## Instructions to follow
Nothing but the lines from the one containing "Training process: the" through the one containing "Elevate your holiday", both included, should be given again, each exactly as written below.

[Stored items]
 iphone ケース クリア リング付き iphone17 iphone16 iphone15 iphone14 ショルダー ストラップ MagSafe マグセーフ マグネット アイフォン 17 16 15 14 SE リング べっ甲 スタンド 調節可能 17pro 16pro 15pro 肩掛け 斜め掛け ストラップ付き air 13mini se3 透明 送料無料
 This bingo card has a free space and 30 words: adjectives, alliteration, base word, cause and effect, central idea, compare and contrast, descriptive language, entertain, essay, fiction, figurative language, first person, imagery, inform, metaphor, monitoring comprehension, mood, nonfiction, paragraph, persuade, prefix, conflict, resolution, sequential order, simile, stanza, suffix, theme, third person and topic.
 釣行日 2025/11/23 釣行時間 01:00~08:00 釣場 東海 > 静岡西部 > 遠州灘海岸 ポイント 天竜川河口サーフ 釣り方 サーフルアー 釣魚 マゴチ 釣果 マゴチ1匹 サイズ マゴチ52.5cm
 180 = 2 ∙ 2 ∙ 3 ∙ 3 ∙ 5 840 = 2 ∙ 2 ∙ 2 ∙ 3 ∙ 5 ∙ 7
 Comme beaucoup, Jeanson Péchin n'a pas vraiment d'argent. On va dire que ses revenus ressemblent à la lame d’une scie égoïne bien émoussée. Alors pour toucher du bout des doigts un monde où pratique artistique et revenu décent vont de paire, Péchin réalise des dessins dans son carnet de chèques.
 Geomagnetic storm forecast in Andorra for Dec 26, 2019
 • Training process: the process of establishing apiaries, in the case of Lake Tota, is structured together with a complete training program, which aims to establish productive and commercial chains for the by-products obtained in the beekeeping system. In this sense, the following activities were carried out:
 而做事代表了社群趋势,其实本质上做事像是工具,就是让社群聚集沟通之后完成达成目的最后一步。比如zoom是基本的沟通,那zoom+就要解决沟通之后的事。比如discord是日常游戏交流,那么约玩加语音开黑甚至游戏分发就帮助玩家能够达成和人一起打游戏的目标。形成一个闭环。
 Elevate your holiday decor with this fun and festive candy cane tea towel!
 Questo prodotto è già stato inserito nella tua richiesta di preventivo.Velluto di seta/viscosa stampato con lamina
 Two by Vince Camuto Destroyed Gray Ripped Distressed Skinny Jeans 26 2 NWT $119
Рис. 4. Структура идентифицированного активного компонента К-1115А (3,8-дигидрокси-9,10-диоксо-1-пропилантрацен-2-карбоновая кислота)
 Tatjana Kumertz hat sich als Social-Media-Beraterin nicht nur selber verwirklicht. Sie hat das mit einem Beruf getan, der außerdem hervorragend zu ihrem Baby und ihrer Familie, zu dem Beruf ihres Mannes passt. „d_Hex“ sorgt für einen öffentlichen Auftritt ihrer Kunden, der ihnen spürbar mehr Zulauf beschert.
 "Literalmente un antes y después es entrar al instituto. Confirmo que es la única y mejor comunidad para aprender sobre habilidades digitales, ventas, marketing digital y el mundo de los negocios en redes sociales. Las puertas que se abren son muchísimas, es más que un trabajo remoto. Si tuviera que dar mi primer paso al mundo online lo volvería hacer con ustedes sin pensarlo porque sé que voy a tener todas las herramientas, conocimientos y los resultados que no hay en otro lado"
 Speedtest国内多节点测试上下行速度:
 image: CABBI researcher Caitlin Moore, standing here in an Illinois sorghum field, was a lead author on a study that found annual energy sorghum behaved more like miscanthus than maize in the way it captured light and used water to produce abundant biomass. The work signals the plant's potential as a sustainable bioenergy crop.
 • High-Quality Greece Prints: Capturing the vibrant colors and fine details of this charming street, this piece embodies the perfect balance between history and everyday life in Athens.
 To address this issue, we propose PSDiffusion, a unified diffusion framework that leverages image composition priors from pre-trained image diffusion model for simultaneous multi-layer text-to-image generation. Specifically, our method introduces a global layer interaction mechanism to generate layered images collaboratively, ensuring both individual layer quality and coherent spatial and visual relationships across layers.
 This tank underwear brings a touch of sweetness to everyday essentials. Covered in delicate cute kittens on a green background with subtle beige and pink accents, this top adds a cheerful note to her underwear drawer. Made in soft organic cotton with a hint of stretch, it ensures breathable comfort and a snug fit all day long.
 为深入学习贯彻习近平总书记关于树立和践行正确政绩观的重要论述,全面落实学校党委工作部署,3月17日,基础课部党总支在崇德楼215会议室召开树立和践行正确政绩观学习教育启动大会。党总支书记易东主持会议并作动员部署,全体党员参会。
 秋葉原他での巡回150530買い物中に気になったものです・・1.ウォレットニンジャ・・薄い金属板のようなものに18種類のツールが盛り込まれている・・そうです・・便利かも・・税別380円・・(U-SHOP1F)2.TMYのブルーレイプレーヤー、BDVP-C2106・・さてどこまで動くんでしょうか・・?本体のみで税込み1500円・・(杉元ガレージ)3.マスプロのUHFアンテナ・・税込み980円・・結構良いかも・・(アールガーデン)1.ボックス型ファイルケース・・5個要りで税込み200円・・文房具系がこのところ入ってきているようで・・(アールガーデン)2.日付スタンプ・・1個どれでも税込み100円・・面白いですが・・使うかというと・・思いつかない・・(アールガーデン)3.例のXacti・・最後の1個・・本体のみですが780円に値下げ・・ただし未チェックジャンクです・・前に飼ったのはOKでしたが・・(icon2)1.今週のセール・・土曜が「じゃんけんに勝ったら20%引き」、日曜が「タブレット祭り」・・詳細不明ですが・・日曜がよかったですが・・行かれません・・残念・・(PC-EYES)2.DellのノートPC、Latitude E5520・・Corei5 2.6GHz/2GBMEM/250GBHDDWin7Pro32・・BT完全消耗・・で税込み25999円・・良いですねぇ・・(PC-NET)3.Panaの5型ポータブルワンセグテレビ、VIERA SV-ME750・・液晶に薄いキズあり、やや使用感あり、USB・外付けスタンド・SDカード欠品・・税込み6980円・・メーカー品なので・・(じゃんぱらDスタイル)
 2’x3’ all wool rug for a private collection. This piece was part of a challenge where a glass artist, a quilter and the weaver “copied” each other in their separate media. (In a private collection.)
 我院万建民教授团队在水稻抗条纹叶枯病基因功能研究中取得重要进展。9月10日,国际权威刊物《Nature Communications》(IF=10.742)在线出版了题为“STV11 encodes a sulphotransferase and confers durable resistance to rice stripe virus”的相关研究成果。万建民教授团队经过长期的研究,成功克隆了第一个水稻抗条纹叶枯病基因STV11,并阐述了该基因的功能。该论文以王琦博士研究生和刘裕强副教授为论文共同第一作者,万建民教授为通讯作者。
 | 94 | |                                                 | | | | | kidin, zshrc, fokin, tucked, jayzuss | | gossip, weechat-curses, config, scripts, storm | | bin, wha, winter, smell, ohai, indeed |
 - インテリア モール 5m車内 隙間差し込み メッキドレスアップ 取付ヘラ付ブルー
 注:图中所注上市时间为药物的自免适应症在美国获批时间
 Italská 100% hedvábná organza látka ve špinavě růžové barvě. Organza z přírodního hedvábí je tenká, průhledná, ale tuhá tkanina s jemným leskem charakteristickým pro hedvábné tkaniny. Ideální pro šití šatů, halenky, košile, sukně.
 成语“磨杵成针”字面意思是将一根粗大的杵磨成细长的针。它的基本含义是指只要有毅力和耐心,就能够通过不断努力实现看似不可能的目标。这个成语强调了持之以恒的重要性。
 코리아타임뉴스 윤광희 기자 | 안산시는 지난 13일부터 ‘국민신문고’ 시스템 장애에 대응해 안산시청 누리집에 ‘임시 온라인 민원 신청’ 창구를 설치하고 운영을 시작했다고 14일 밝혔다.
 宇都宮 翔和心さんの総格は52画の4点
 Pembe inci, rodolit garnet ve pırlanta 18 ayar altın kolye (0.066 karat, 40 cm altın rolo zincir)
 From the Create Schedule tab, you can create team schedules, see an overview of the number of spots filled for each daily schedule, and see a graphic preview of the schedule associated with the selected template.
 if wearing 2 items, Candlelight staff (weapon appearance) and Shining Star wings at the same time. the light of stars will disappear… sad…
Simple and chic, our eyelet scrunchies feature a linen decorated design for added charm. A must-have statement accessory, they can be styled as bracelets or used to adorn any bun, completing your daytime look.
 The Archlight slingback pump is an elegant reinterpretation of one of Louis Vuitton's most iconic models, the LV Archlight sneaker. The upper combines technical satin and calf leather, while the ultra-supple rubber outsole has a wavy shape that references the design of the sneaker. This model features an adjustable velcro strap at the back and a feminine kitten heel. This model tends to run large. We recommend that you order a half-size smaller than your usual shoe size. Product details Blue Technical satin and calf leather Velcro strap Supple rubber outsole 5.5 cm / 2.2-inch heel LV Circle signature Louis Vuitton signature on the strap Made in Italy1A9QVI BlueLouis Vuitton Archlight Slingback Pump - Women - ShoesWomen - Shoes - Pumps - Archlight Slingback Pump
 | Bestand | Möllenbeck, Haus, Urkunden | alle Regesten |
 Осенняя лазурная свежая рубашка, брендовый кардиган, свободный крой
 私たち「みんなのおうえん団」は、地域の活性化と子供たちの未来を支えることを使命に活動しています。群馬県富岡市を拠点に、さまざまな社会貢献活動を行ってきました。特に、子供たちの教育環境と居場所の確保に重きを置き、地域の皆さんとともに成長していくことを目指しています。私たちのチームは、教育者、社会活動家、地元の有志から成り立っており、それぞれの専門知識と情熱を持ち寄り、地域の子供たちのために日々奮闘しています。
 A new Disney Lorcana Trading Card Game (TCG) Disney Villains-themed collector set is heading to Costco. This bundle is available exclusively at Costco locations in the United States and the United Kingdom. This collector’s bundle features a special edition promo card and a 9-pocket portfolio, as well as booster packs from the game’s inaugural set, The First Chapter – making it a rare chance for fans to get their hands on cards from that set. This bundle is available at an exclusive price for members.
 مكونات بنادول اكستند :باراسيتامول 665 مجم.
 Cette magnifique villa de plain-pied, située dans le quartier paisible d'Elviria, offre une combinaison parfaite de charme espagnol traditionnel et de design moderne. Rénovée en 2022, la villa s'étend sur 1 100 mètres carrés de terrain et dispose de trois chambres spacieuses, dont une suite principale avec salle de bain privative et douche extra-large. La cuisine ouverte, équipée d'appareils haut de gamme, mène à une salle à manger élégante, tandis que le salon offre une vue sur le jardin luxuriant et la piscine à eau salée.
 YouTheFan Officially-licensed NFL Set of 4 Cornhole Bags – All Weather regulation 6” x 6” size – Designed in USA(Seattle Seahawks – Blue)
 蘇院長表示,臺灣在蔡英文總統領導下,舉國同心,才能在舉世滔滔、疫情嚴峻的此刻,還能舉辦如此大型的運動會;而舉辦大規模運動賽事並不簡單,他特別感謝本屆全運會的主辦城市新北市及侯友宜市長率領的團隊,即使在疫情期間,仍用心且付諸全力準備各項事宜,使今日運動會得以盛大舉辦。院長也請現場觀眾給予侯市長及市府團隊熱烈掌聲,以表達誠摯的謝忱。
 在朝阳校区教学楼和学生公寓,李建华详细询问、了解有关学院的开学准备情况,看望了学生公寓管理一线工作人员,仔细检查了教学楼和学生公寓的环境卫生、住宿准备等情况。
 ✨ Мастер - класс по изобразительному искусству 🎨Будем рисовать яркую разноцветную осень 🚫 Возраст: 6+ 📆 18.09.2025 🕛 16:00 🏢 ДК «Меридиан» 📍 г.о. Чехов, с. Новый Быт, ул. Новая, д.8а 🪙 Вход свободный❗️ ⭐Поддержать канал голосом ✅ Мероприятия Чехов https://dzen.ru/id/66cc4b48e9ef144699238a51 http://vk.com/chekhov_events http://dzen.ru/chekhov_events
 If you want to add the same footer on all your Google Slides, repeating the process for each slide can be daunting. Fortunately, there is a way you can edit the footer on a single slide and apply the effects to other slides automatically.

## Solution for this exercise
 • Training process: the process of establishing apiaries, in the case of Lake Tota, is structured together with a complete training program, which aims to establish productive and commercial chains for the by-products obtained in the beekeeping system. In this sense, the following activities were carried out:
 而做事代表了社群趋势,其实本质上做事像是工具,就是让社群聚集沟通之后完成达成目的最后一步。比如zoom是基本的沟通,那zoom+就要解决沟通之后的事。比如discord是日常游戏交流,那么约玩加语音开黑甚至游戏分发就帮助玩家能够达成和人一起打游戏的目标。形成一个闭环。
 Elevate your holiday decor with this fun and festive candy cane tea towel!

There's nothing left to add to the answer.